>>>
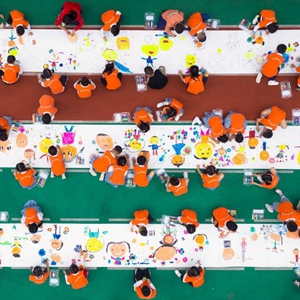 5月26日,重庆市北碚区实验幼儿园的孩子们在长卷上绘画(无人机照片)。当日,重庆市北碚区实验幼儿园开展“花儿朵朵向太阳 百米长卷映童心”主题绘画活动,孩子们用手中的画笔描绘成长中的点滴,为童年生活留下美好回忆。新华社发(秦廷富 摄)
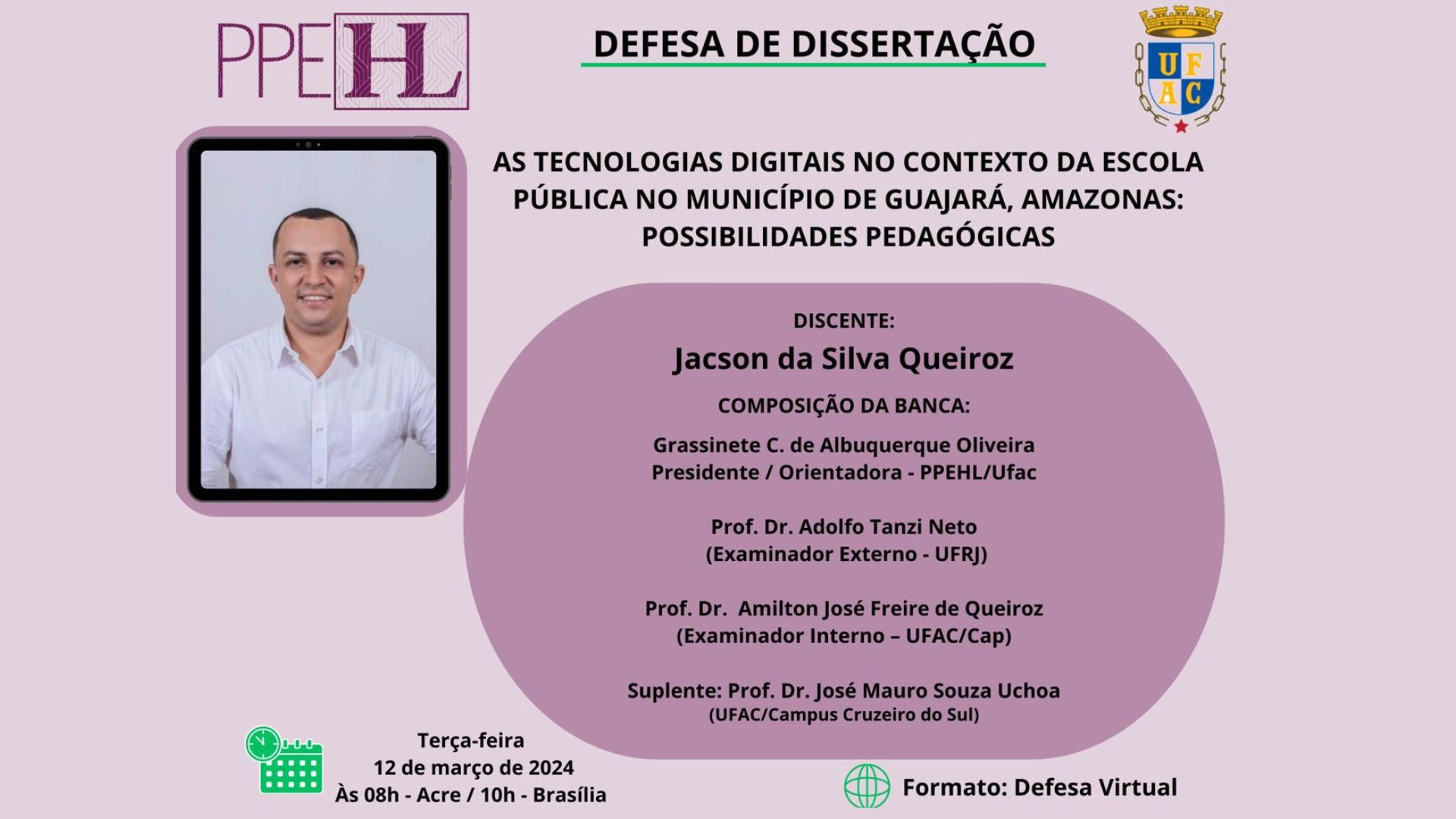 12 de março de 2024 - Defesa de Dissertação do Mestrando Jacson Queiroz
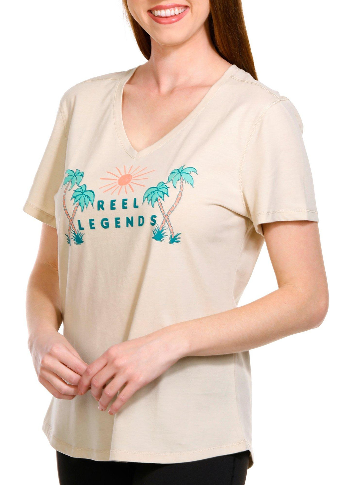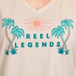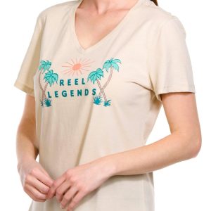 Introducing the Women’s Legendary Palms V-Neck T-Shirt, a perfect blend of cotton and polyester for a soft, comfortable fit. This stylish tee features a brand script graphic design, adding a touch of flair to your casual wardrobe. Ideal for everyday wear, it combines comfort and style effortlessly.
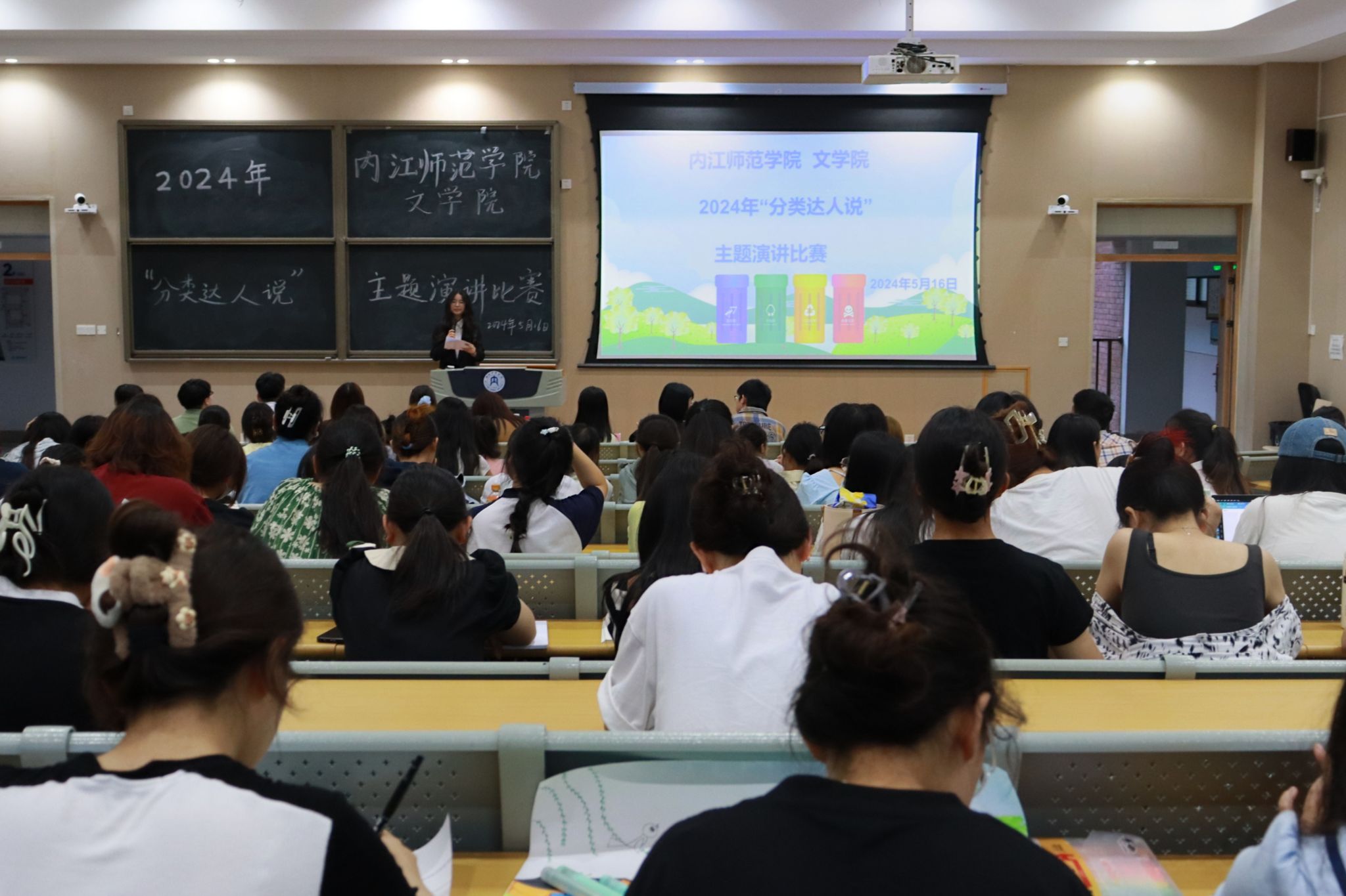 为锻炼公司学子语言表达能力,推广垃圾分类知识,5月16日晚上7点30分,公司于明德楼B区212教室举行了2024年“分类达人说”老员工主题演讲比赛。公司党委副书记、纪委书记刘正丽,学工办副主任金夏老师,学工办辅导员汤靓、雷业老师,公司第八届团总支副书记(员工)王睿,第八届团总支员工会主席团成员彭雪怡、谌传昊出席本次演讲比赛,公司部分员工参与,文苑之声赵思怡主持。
<<<
### EXERCISE DETAILS
Nothing but an exact copy of the data, without pictures, should be returned.

### ANSWER AREA
 5月26日,重庆市北碚区实验幼儿园的孩子们在长卷上绘画(无人机照片)。当日,重庆市北碚区实验幼儿园开展“花儿朵朵向太阳 百米长卷映童心”主题绘画活动,孩子们用手中的画笔描绘成长中的点滴,为童年生活留下美好回忆。新华社发(秦廷富 摄)
 12 de março de 2024 - Defesa de Dissertação do Mestrando Jacson Queiroz
 Introducing the Women’s Legendary Palms V-Neck T-Shirt, a perfect blend of cotton and polyester for a soft, comfortable fit. This stylish tee features a brand script graphic design, adding a touch of flair to your casual wardrobe. Ideal for everyday wear, it combines comfort and style effortlessly.
 为锻炼公司学子语言表达能力,推广垃圾分类知识,5月16日晚上7点30分,公司于明德楼B区212教室举行了2024年“分类达人说”老员工主题演讲比赛。公司党委副书记、纪委书记刘正丽,学工办副主任金夏老师,学工办辅导员汤靓、雷业老师,公司第八届团总支副书记(员工)王睿,第八届团总支员工会主席团成员彭雪怡、谌传昊出席本次演讲比赛,公司部分员工参与,文苑之声赵思怡主持。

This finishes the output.